Whose side are you on anyway?

If you manage teachers, they need you to back them to the hilt in behaviour battles, says Tom Bennett

Tom Bennett

Around six out of 10 queries I deal with on TES's online behaviour forum stem from weak school structures, and the unfortunate reluctance of some people in positions of responsibility to assist staff with behaviour problems. This is tragic, because without a coherent whole-school approach, discipline vanishes.

The scenario usually revolves around a new (but sometimes old) teacher who has attempted to exert some kind of authority, only to find that the pupil has developed their own ideas about notions of liberty. Off the child huffs, grizzling about their Geneva Convention-guaranteed rights. So the teacher follows the manual and escalates the sanction.

And this is the point at which most of the damage can be done. This is the moment that defines the relationship between teacher and line manager. If the latter supports their staff member, the pupil will realise that the teacher's authority is octopoid, and reaches into every nook and cranny of the school. They see that as it is said, so too shall it be. But if at this moment the system breaks down and the line manager's spine slithers out of their cloaca and through the school gates, then the illusion melts, the curtain is drawn and the pupil sees that behind it there is only a fat man with a microphone, sweating.

This is the Rubicon of the relationship between the teacher and the pupil. Is the former backed by a formidable and coherent school structure, or do they stand alone like Nelson on his plinth? Few teachers can exert control over their pupils through personality alone. For most of us, having pupils realise that there will be consequences, punitive or pleasant, to their actions is the most potent weapon we possess. If nothing happens as a result of a teacher's intervention, then that intervention is reduced to ashes, and nothing will come of nothing, to quote King Lear.

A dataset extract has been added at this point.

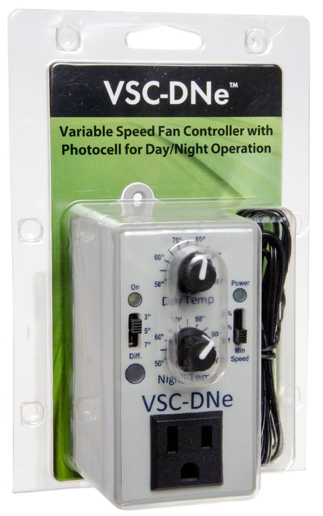 The CAVSC-DNe is designed to gradually increase or decrease the speed of centrifugal fans depending on the day or night temperature set points. The Variable Fan Speed Controller enables you to determine precise temperature levels to achieve within your growing environment by way of proper ventilation. The temperature differential switch can be set at 3°, 5°, or 7°F and comes complete with a 12' probe. The day and night temperature knobs can be set between 50°F and 100°F independently. The built-in photocell will automatically sense day or night and adjust the speed of your fan accordingly. This controller allows you to set the idle speed to 50%, 25%, or no idle. The VSC-DNe is rated up to 350 watts.
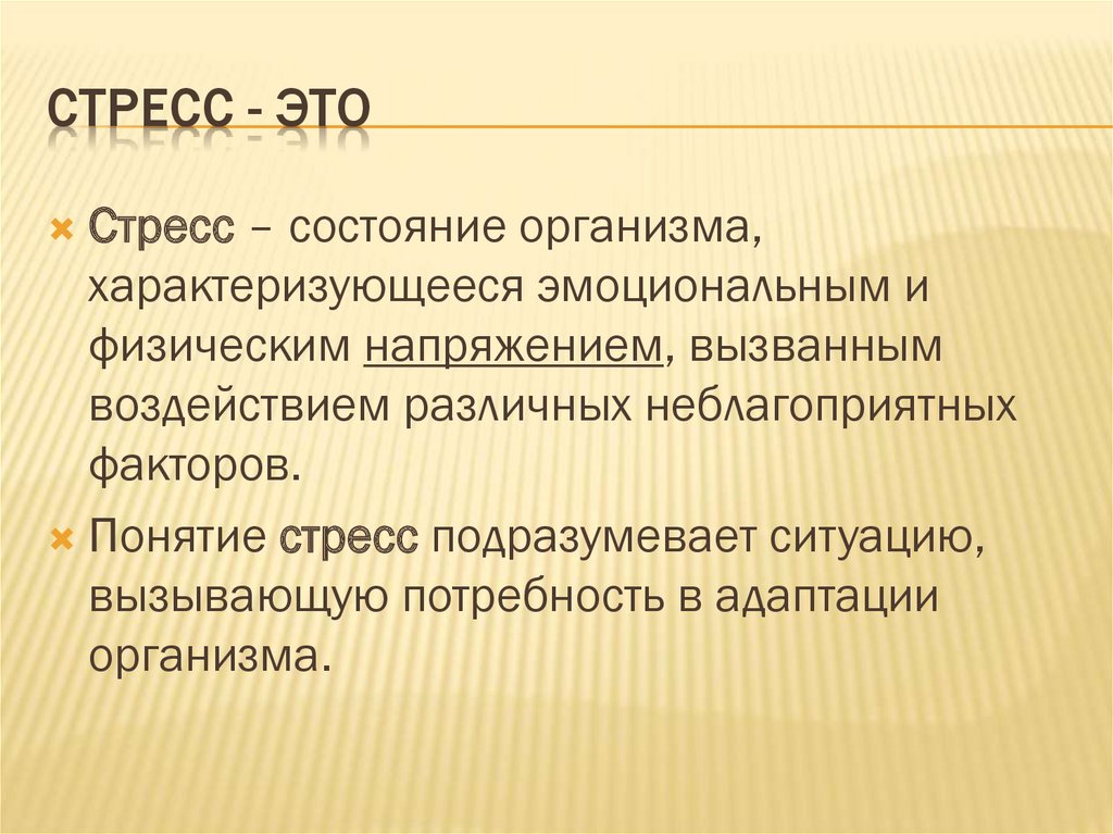 СТРЕСС - ЭТОСтресс – состояние организма,

Why do some school leaders fall at this important hurdle? For the same reason as anyone: they are human. Just as some teachers forget to turn up for detentions, or fear to issue them, or seek the easy way out of a challenging class (usually involving DVDs of Mulan or Transformers, in my experience), so too do line managers often cock things up. The thing is, Peter Parker, with great power comes great responsibility, and the higher up you go, the greater the damage or delight your actions and inactions generate.

So here are my tips for line managers:

Avoid being the good cop. A teacher calls on you for help; what they don't need is for you to offer the pupil a cup of tea and a Danish. It's very easy to be called upon to deal with a difficult situation and then placate the pupil. This is worse than useless. You don't need to be a hard-ass - civil and professional is fine - but if the child has just told a teacher to go fuck themselves, then it's humiliating for you to go, "Oh goodness, what a to-do, let's all be friends." That's a resolution all right; for your benefit. The only person who suffers is the poor teacher who just got called a moron, and now looks like one, too.

Avoid taking the apology and running. Many pupils are keen to commit their offences in public and apologise in private. Worse, they know who they need to apologise to, and when. So it's cowardice of the most craven kind to watch them grovel a bit and then Yellow-Brick-Road them back to the classroom with a "James has apologised, I think he's ready to come back in to your lessons, Miss." No he bloody isn't.

Back your teachers by default. The old saw about "if you want to lead your team, get behind them" has truth in it. If teachers set a detention or impose a sanction, your first reaction must be to support it; the only alternative is to undermine. The pupils see that the teacher's judgement isn't backed by the school, and you condemn them to a hell of mockery and insubordination. So back them, and only decline to do so if serious misjudgement has taken place. But they will be the best judges of bad behaviour as it's right in front of them.

It is very easy to forget how hard it can be in the classroom, especially if you are an old hand in the school, have a position of authority or a reduced timetable, and are able to follow up any misbehaviour with the luxury of free periods. It is vital that all teachers remember what it's like to be devoid of the invisible cloak of authority or status. It's the mistake that many educational rent-a-gobs make from their remote eyries, and it's a sin when a school leader of any kind does it, from head of department to cluster head.

All that is required for misbehaviour to triumph is for good teachers to do nothing.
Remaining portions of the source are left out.